Find the line with "Los pasos a" in the entries below. Repeat it, every following line, and the line with "其中特别添加了益生菌发酵溶解", exactly and with nothing added.

RECORDS PROVIDED:
————
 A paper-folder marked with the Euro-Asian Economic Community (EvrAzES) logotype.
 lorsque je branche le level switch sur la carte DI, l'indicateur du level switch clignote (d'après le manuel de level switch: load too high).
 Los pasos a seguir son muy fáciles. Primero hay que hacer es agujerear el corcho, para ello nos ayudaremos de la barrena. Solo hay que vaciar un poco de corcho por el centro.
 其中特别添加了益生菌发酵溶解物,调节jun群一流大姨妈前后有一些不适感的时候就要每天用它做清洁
————
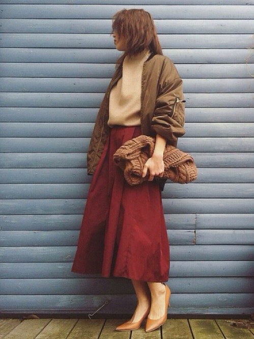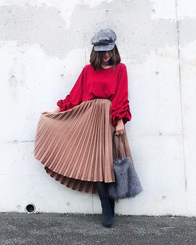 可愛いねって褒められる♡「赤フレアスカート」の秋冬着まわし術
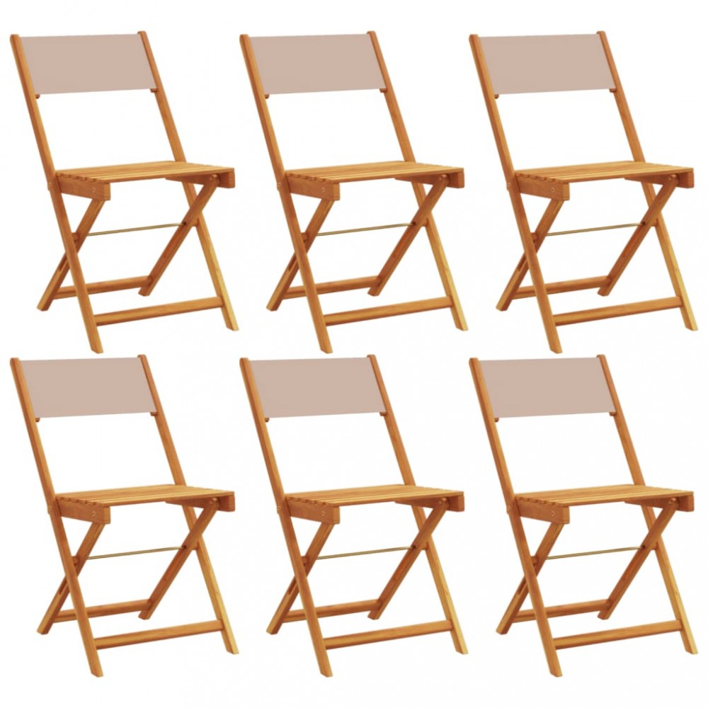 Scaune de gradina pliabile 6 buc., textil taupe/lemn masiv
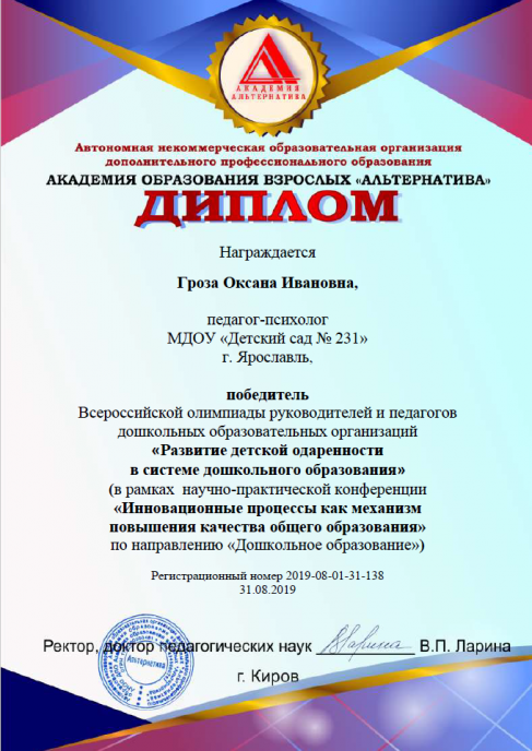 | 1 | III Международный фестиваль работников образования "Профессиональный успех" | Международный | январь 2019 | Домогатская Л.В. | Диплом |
————
ANSWER TO THE PROBLEM:
 Los pasos a seguir son muy fáciles. Primero hay que hacer es agujerear el corcho, para ello nos ayudaremos de la barrena. Solo hay que vaciar un poco de corcho por el centro.
 其中特别添加了益生菌发酵溶解物,调节jun群一流大姨妈前后有一些不适感的时候就要每天用它做清洁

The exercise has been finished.